We then have the issue of using good timing for the feedback we provide when the behaviour happens. If the timing is not appropriate we may be reinforcing a behaviour that is not the intended one. Imagine asking the dog to sit and when he does so we get distracted and look at something else for a few seconds. During that time the dog can stand up, look away, sniff the ground, etc. When you turn back and reinforce the behaviour, what did you reinforce exactly? Was it the sit? Was it the Stand? It is usually difficult to know, but you were probably reinforcing the behaviour that the dog was doing when you offered the reward.

Now let’s discuss an imaginary scenario. Imagine that you go to a restaurant for lunch and you choose fruit instead of chocolate mousse (your typical choice) for desert. When you get home two hours later you find 100$ in cash in your mail box. The money was left there without your knowledge by a wealthy friend of yours who seeks to reinforce the fact that you have chosen to eat fruit instead of chocolate mousse. The millionaire’s intention was to make it more likely that you would choose fruit in the future. It is highly unlikely that the millionaire will be successful in this initiative. Many behaviours have occurred between the time you ate the fruit and found the cash. In this scenario the probability of association between the two behaviours is greatly reduced.
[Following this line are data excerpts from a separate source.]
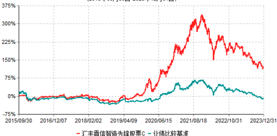
汇丰晋信智造先锋股票C累计净值增长率与业绩比较基准收益率历史走势对比图 (2015年09月30日-2023年12月31日)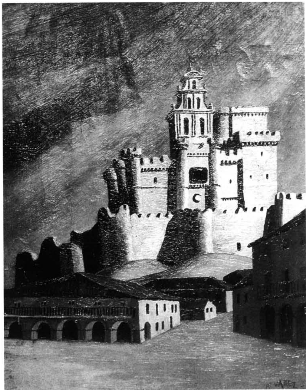
FIG. 2. Castelo de Turégano , sin fecha. Óleo/tela, 40,5 × 32 cm. Colección particular.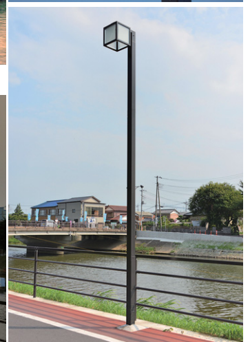
点灯時のLED街路灯特注器具(上) 昼間の地上5.5m高LED街路灯特注器具(下)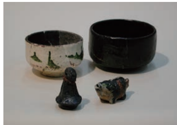
「軟質施釉器」とよばれる焼き物

また、関西の代表的な焼き物である京焼や樂焼との技術的つながりについて、伝世作品と現在に残る技術とを比較しながら考えていきます。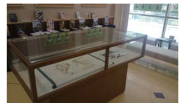
貴重な資料『石垣原合戦絵図』を展示しています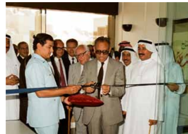
أ.د محمد إبراهيم كاظم - مدير الجامعة يفتتح مبنى النشاط الطلابي بنين - ١٩٨٦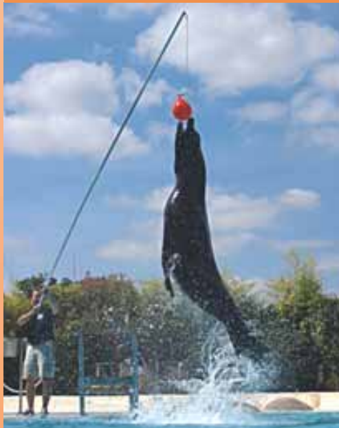
Zooparc van Beauval - Saint Aignan

M et open armen: kies voor de rust van een herberg op het platteland of voor de pracht en praal van een historisch plekje... Met open ogen: geniet van de omgeving en laat u iedere dag weer verleiden tot een bezoek aan de omliggende steden en dorpen.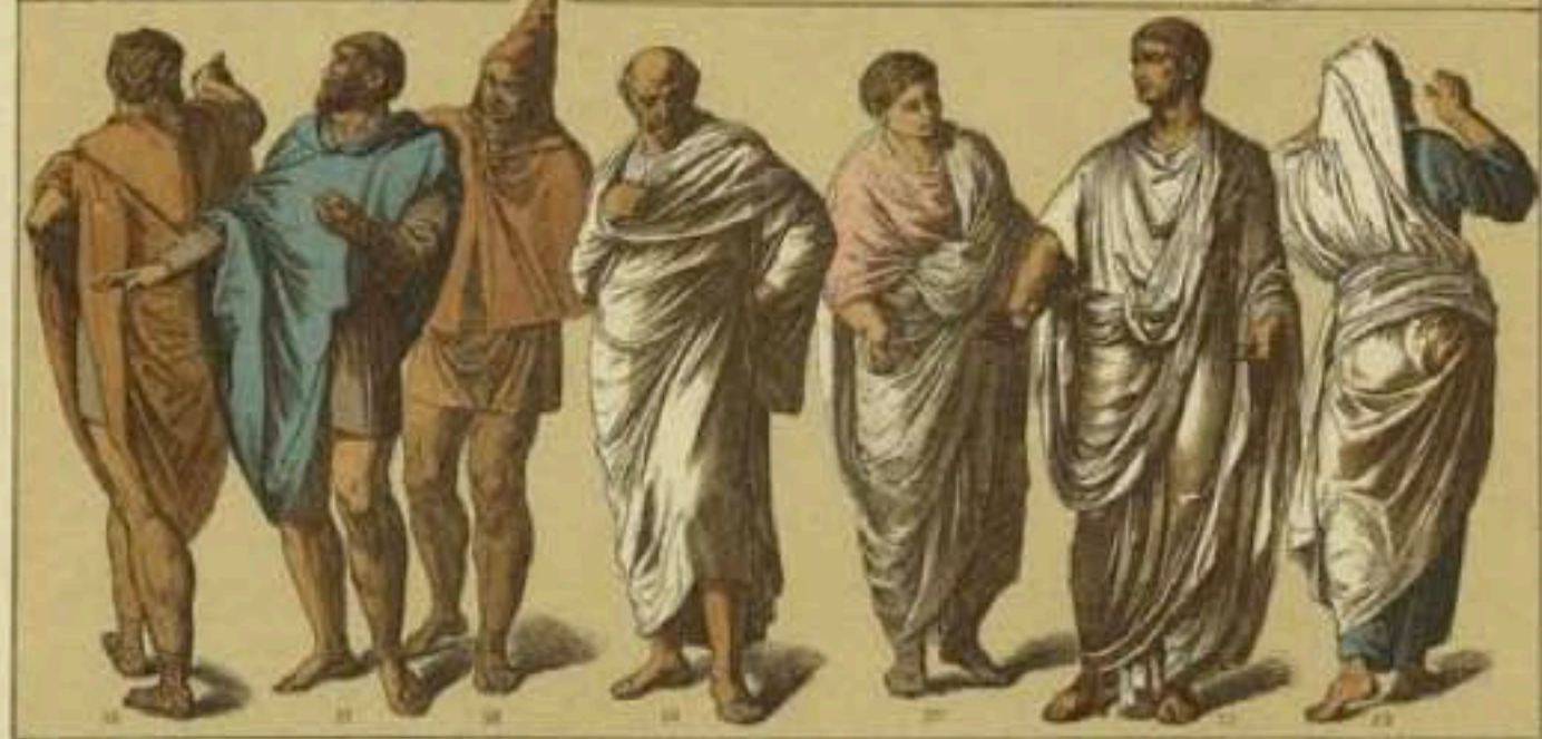
EDAD ANTIGUA.—TRAJES DE LOS ROMANOS

Now imagine that what happened instead was that when you ordered the fruit it came with a 100$ voucher on the side. In that scenario it is much more likely that you will order fruit the next time. It all has to do with timing.

We can now make an analogy to an issue that most dog guardians face. Imagine that you get home and your puppy urinated on the floor during your absence. If you decide to reprimand her for the “mistake” she did when you get home, how would she know why she is being reprimanded? It will be very difficult for her to associate your reaction with the behaviour of urinating on the floor that happened half an hour ago. I should make a quick reference here to the fact that I would not recommend reprimanding a puppy for a house training mistake, even if you catch her “in the act”. First, leaving a young puppy unattended in the house without supervision and/or management and “hoping for the best” is a recipe for disaster. Second, if you reprimand her “in the act” she may think that she cannot relieve herself in front of you and will start to sneak away when she needs to relieve herself.

Unfortunately (or maybe fortunately) we cannot tell an animal that we like what he did two hours ago. We have to act in the present moment and we can only influence what is happening then. When I have a conversation with a person, I can let her know that I like what she did yesterday and earlier today. I can also let her know about the things that I did not like. With non-human animals, a system that allows us to do this does not yet exist, as far as I am aware at least. We would then have the issue of whether or not they are cognitively capable of comprehending information referring to the past, but that is a topic for another time…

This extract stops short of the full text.